Without congressional support for these initiatives, Hagel said, the only alternative is to dramatically downsize the force. A smaller force would still be “technologically dominant, but would be able to go fewer places and do fewer things, especially if crises occurred at the same time in different regions of the world.”

Cuts as mandated by sequestration would result in a decade-long “modernization holiday,” Hagel said. “The military could find its equipment and weapons systems, many of which are already near the end of their service lives, less effective against more technologically advanced adversaries,” he said. “We also have to consider how massive cuts to procurement, and research and development funding would impact America's private sector industrial base.”

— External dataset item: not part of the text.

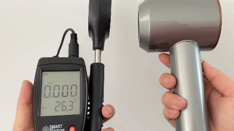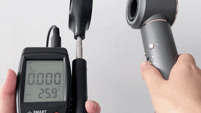 ZOELYS是通过内部的温度感应器与控制芯片来自行调节「吹到你头皮上的风」的温度。我们再通过一个实验来测试下这个功能有多NB!

Adm. James “Sandy” Winnefeld, vice chairman of the Joint Chiefs of Staff, called the SCMR a “deep and painful look at every corner of our institution.”

The timing of sequestration — deep and abrupt cuts beginning immediately — is damaging because it forces the Defense Department to “grab money out of modernization and readiness” accounts, instead of allowing the military to gradually downsize and shed unneeded capacity, Winnefeld said at the news conference.

Like Hagel, he insisted that, under any budget scenario, the Pentagon must rein in personnel costs, which consume nearly half of the Defense Department’s $525 billion budget. Compensation and benefits' costs have risen nearly 40 percent above inflation since 2001. “The department cannot afford to sustain this growth,” Hagel said.

The SCMR recommended changing military health care for retirees to increase use of private-sector insurance when available; changing how the basic allowance for housing is calculated so that individuals are asked to pay a little more of their housing costs; reducing the overseas cost of living adjustment; and continuing to limit military and civilian pay raises.

Hagel called on Congress to help the military cope with sequestration by allowing the Pentagon to delay the budget cuts so it has time to absorb them.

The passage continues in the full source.